Twits On Twitter

A high level abstraction we did at the start of the hackathon.

Inspiration

Our inspiration for this project is to combat online harassment, in correspondence with the anti online harassment theme for CrimsonHacks2017.

Specifically, we created a back end that could help moderators review content flagged by a machine learning algorithm, or that could be used to create an intelligent automatic moderating system, powered by a system that always learns. We used Twitter to demo our back end.

What it does

TwitsOnTwitter takes a Twitter handle from the user and grabs the last 200 tweets, and feeds them through our machine learning model (specifically, a support vector machine) to classify whether the tweet may be potentially harassing in nature. This data is visualized in the user’s browser, and specific harassment cases can be reviewed by clicking on the chart.

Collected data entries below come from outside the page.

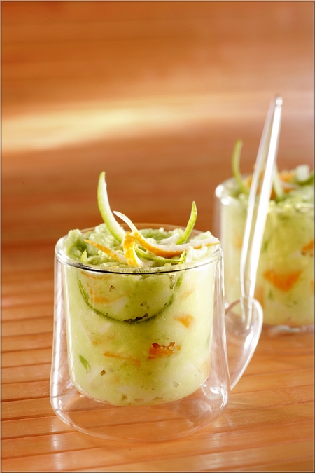 3• Ébouillanter le zeste de citron pendant 1 minute et le découper en lanières fines. Hacher le surimi. Mélanger le tout avec la purée d’avocat et répartir dans des petits ramequins.
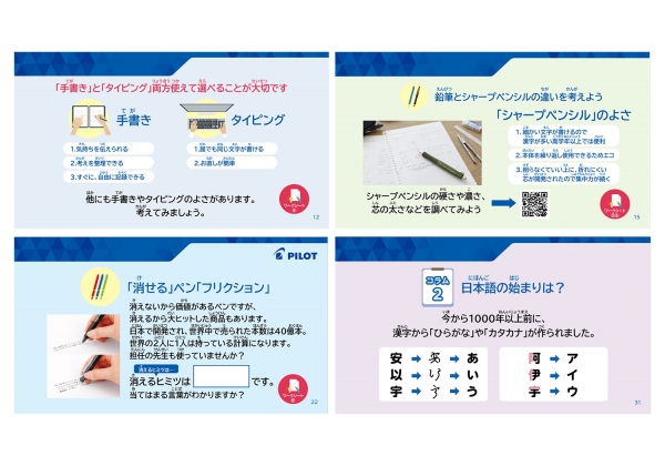 プログラムはタブレット端末なども併用しながら、手書きとタイピングそれぞれの良さを理解し、その適切な使い分けや、日本語の歴史や文化についても学ぶことができる内容となっています。小学校などで1~2時間で学習できる構成で、指導用スライド及び指導案、児童が使うワークシートが無料で提供されます。また実践用教材として先着100クラスに、当社の消せるボールペン「フリクションボールノック」を授業に参加する児童に1本ずつ、消せる蛍光ペン「フリクションライト6色セット」を教員用に提供します。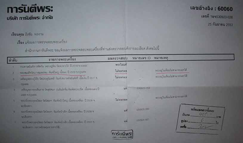 และได้ถ่ายหลักฐานใบแจ้งผลของจี-พระ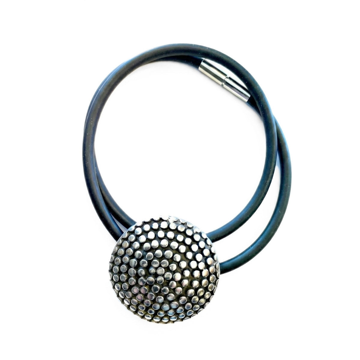 Smykket Slow fra Hillestad er et kunstnerisk og tidløst smykke i tinn, inspirert av naturens rytme og ro. Anhenget har en organisk og strukturert utforming som gir et moderne, men samtidig klassisk uttrykk. Den unike teksturen fremhever smykkets særpreg og gjør det til et elegant blikkfang. Perfekt både til hverdagsbruk og festlige anledninger, og et smykke som kombinerer nordisk minimalisme med kunstnerisk design. Anhenget har en diameter på 38 mm og en gummisnor på 45 cm.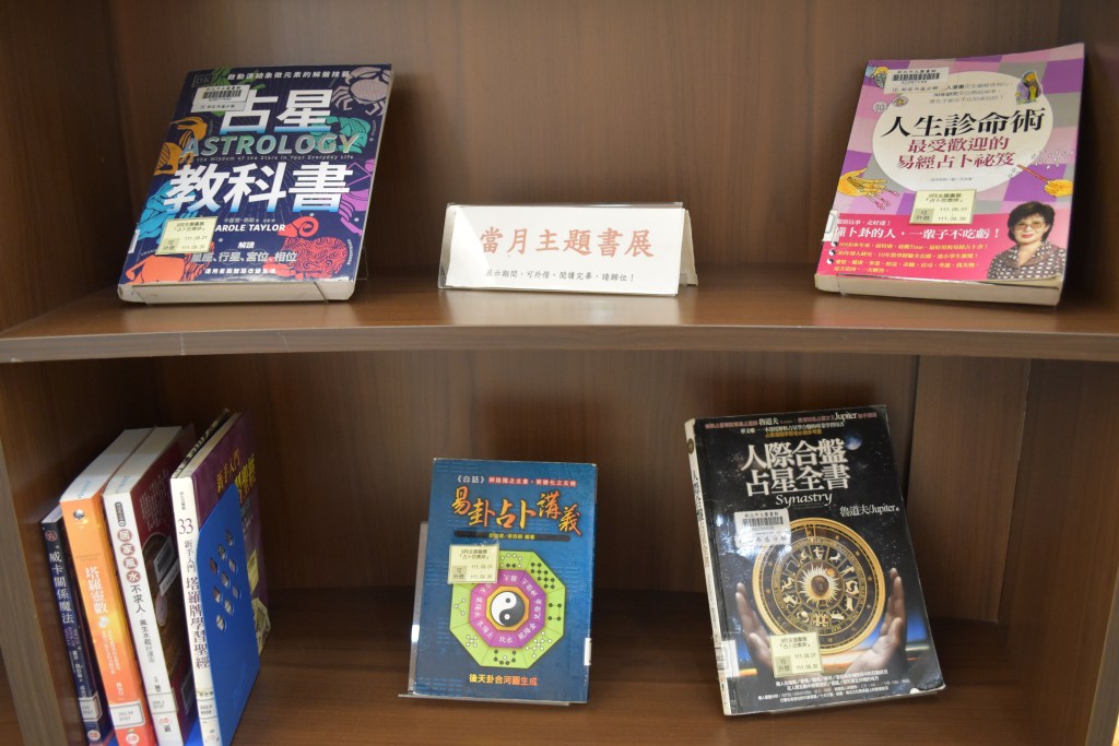 【記者林昱萱報導】九月一日至三十日,西盛分館在二樓展區策劃主題書展《占卜的奧妙》,提供占卜、占星、命理等書籍,比如《占卜教科書》、《人生診命術》、《手指占卜》等等。

While the scope of this project is limited to Twitter, the back end could be expanded to accommodate any different social media platforms, online forums, and etc. This could be useful for automatically managing users’ behavior, and/or assisting a human moderator in reviewing and moderating online harassment.

How we built it

We built ToT using a t2.micro Ubuntu EC2 instance on Amazon Web Services (AWS). For the backend, we used a custom Perl server to serve HTTP and HTTPS requests instead of using a standard apache/nginx webapp. For good measure, we used Let’s Encrypt to generate an HTTPS certificate after registering twitsontwitter.net using domain.com. We used AWS’s Route 53 so that DNS requests would route to our EC2 instance’s Elastic IP. We used Python for natural language processing, which used a support vector machine algorithm to determine whether or not sample text could be considered online harassment. Specifically, we used Python’s nltk and scikit-learn libraries. For the frontend, we used a small bit of Bootstrap and Highcharts to visualize the data. On the server side, we used a Python wrapper to interact with Twitter’s API. We used AJAX to communicate with the server, and the server responded with JSON data, which was parsed with JavaScript.

Challenges we ran into

Lack of experience with machine learning and NLP led to a less than ideal machine learning model. Web development can be a lot harder than it looks! Insufficient training data with our algorithm seemed to lead to a lot of false positives. Trying to combine perl and python on the server side proved to be more difficult than expected.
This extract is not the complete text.